Llegó al Windsurf de casualidad y hoy está entre los diez mejores de la Argentina. Viene de salir 48º en el Mundial de España, entre 78 timoneles.

Tomás Correa tiene 19 años y está entre los diez mejores windsurfistas de la Argentina. En su primera experiencia mundialista terminó en el puesto 48, entre 78 participantes. Tiene unas condiciones bárbaras. El agua es su hábitat natural.

Sus inicios fueron en el longboard, pero su papá no estaba muy convencido que practicara esta disciplina. Un día fue con la familia a pasear a La Florida, vio como algunos chicos hacían windsurf, miró de reojo, no muy convencido, se metió a probar. No fue amor a primera vista, pero después se dio cuenta que era su deporte favorito. Lo abraza desde 2011. Nunca más dejó de practicar. Le vieron pasta. Y comenzó a hacerlo más profesional. Es el número uno de San Luis.

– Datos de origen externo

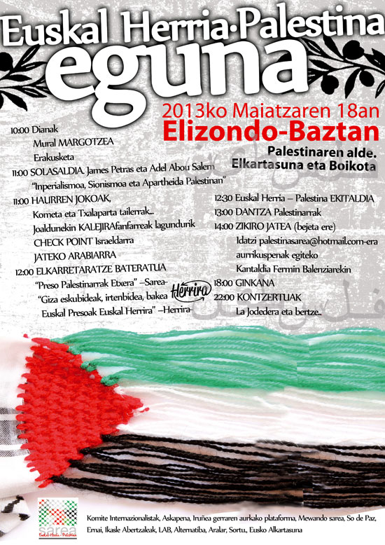 InicioSecretaría InternacionalPalestinaEuskal Herria - Palestina Eguna Elizondon maiatzaren 18an Palestina Euskal Herria – Palestina Eguna Elizondon maiatzaren 18an Cuota WhatsAppFacebookTwitterEmailImpresiónTelegram 2013-05-09 0 LAB SAREAN {module[111]} Cuota WhatsAppFacebookTwitterEmailImpresiónTelegram Artículo anteriorDeialdiakArtículo siguienteGipuzkoako Helduen Egoitzetako Hitzarmenaren alde mobilizazio berriak iragarri ditu LABek TagsPalestina AZKEN ALBISTEAK | ÚLTIMAS NOTICIAS Convocado por LAB, el profesorado ha llevado a cabo movilizaciones en centros públicos de Araba, Bizkaia y Gipuzkoa 2025-12-18 Cientos de docentes de decenas de centros han denunciado que no se están cumpliendo varios puntos recogidos en el acuerdo firmado el 9 de... LAB también llama a llenar Miribilla el 27 de diciembre para dar un nuevo impulso al euskera 2025-12-18 La emergencia lingüística del euskera es cada vez más evidente. Cada vez hay más estudios que demuestran que el euskera no tiene el futuro... LAB exige a Arcelor AMDS y al comité de empresa que aclaren el futuro de la plantilla de Legasa 2025-12-18 El sindicato LAB denuncia la falta de información sobre el futuro de la plantilla del centro de trabajo de Legasa tras el inicio del...

Tomi compite en raceboard. En esta divisional se puede navegar con cualquier tipo de viento. Es una categoría muy técnica. Este pibe, de 18 años, sabe que el entrenamiento es de vital importancia. Se las ingenia para dividir su tiempo. Practica tres veces a la semana. Apunta alto. El buen resultado en el Mundial de España fue una inyección de ánimo. Se dio cuenta que puede dar ese salto de calidad que necesita para competir a nivel internacional. Tuvo que adaptarse al mar, ya que acá lo hace en agua planchada. La diferencia se nota, pero a pesar de eso, Tomás se dio mañas para estar en la pelea entre casi 80 timoneles de varias partes del mundo.

El Mundial fue el primer paso de muchos que seguramente dará. Tiene a favor el potencial de la edad, el peso y la fuerza. Mide 1,68  y pesa 64 kilos. La otra gran ventaja es que empezó de chico y esa experiencia adquirida a tan corta edad  jugará siempre a su favor.

Es muy estratega y estudia mucho cada competencia. Sigue por internet distintas pruebas para sacar cosas que lo puedan hacer crecer. Es muy observador. Está en todos los detalles. Un deportista que quiere estar en la élite no puede dejar nada librado al azar, ni descuidar el más mínimo detalle, y en todo eso está Tomás.

Nunca soñó con un Mundial. De chico era feliz haciendo longboard, hasta que se enamoró del windsurf. Empezó tímidamente, hasta que un día se lo tomó en serio y se dio cuenta que tenía capacidad para llegar. Ser el mejor de San Luis y el número de diez de Argentina no le nubla la vista. En su horizonte está ir a otro Mundial. Mejorar el puesto 48, y demostrar y demostrarse que está para grandes cosas.

El agua le da paz. Se mezcla el deporte con la naturaleza. Un lindo cóctel para disfrutar haciendo lo que más le gusta. Tomás Correa, que llegó al windsurf de casualidad, ahora es un diamante en bruto que busca más gloria de la que tiene.